* [What you have to do] Would you return the listing exactly as written, apart from its pictures?

[Opening The data section]

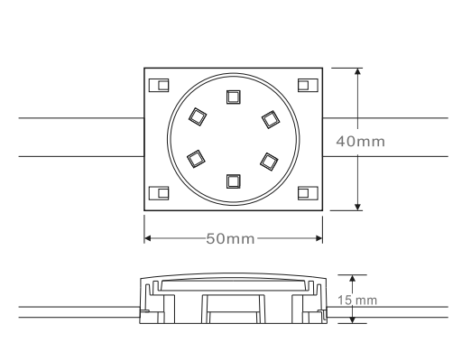 LED Pixel Light RGB 6LEDs 50MM is made by ABS plastic shell, PC LENs and PCB and red, yellow, green, blue and white 5PIN line (high temperature resistant, cold resistant, UV resistant). this product has high brightness, low power consumption, long life, low voltage, small attenuation, rich colors, etc. Products can achieve effect of flowing water, chase, scanning, etc. Depending on the installation, but it was a composition change different color characters, design, etc. Various kinds of dynamic effect.
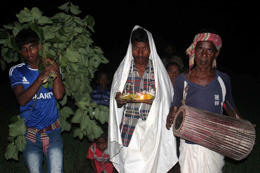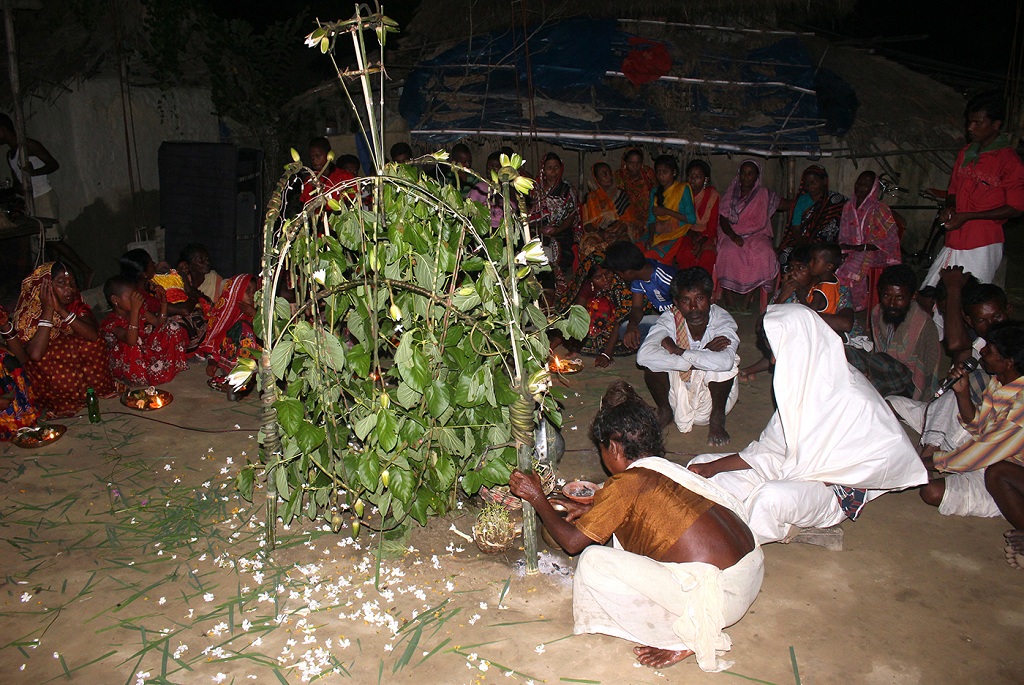 গ্রামটিতে যখন পৌঁছাই, তখন বিকেল হয় হয়। গোত্রপ্রধান বা মাহাতো জগেন কড়ার সঙ্গে আলাপ চলে। খানিক পরই হইচই। এক যুবক পার্শ্ববর্তী ধর্মপুরের গহিন শালবন থেকে কেটে এনেছেন ‘খিল কদম’গাছের একটি ডাল। আমরাও তখন মিশে যাই লোকাচারে।
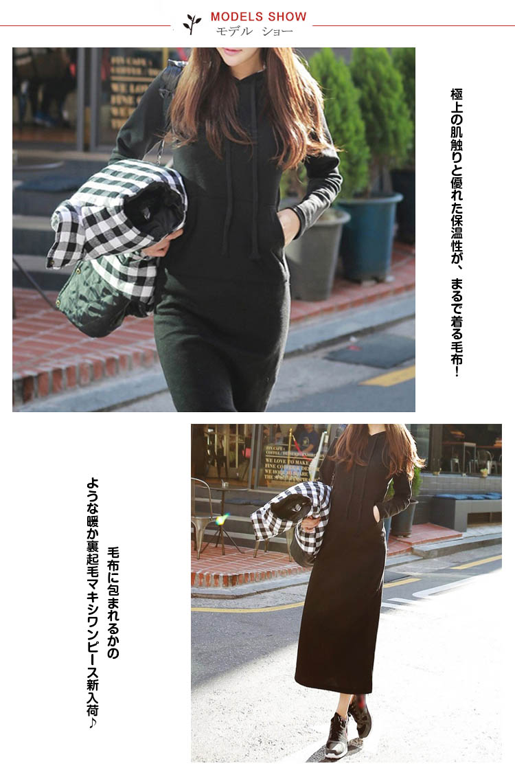 | 極上の肌触りと優れた保温性が、まるで着る毛布!毛布に包まれるかのような暖か裏起毛マキシワンピース新入荷♪表地はスウェット生地で裏地はふわふわの起毛加工になって季節感をプラス。すとんと落ちるスリムフィットタイプなので縦長効果抜群♪パーカータイプなのでこれ一枚でスタイルが完成しちゃう楽かわアイテム! | |
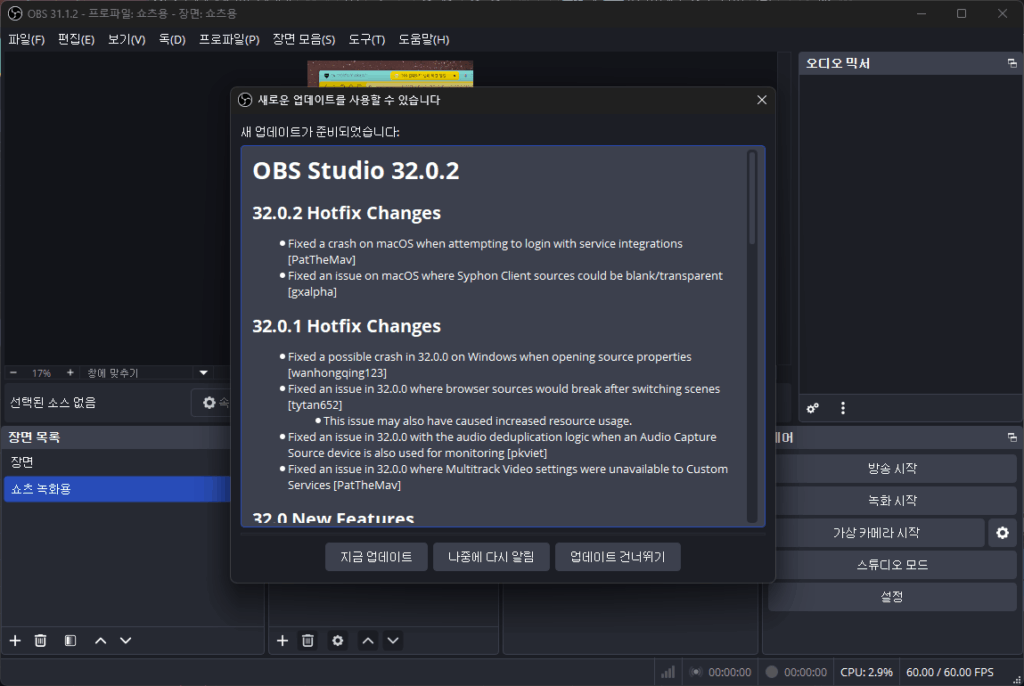 중요한 방송 직전에는 업데이트를 하지 마세요. 예상치 못한 오류가 발생할 수 있습니다.

[Closing The data section]

* [Written response]
 LED Pixel Light RGB 6LEDs 50MM is made by ABS plastic shell, PC LENs and PCB and red, yellow, green, blue and white 5PIN line (high temperature resistant, cold resistant, UV resistant). this product has high brightness, low power consumption, long life, low voltage, small attenuation, rich colors, etc. Products can achieve effect of flowing water, chase, scanning, etc. Depending on the installation, but it was a composition change different color characters, design, etc. Various kinds of dynamic effect.
 গ্রামটিতে যখন পৌঁছাই, তখন বিকেল হয় হয়। গোত্রপ্রধান বা মাহাতো জগেন কড়ার সঙ্গে আলাপ চলে। খানিক পরই হইচই। এক যুবক পার্শ্ববর্তী ধর্মপুরের গহিন শালবন থেকে কেটে এনেছেন ‘খিল কদম’গাছের একটি ডাল। আমরাও তখন মিশে যাই লোকাচারে।
 | 極上の肌触りと優れた保温性が、まるで着る毛布!毛布に包まれるかのような暖か裏起毛マキシワンピース新入荷♪表地はスウェット生地で裏地はふわふわの起毛加工になって季節感をプラス。すとんと落ちるスリムフィットタイプなので縦長効果抜群♪パーカータイプなのでこれ一枚でスタイルが完成しちゃう楽かわアイテム! | |
 중요한 방송 직전에는 업데이트를 하지 마세요. 예상치 못한 오류가 발생할 수 있습니다.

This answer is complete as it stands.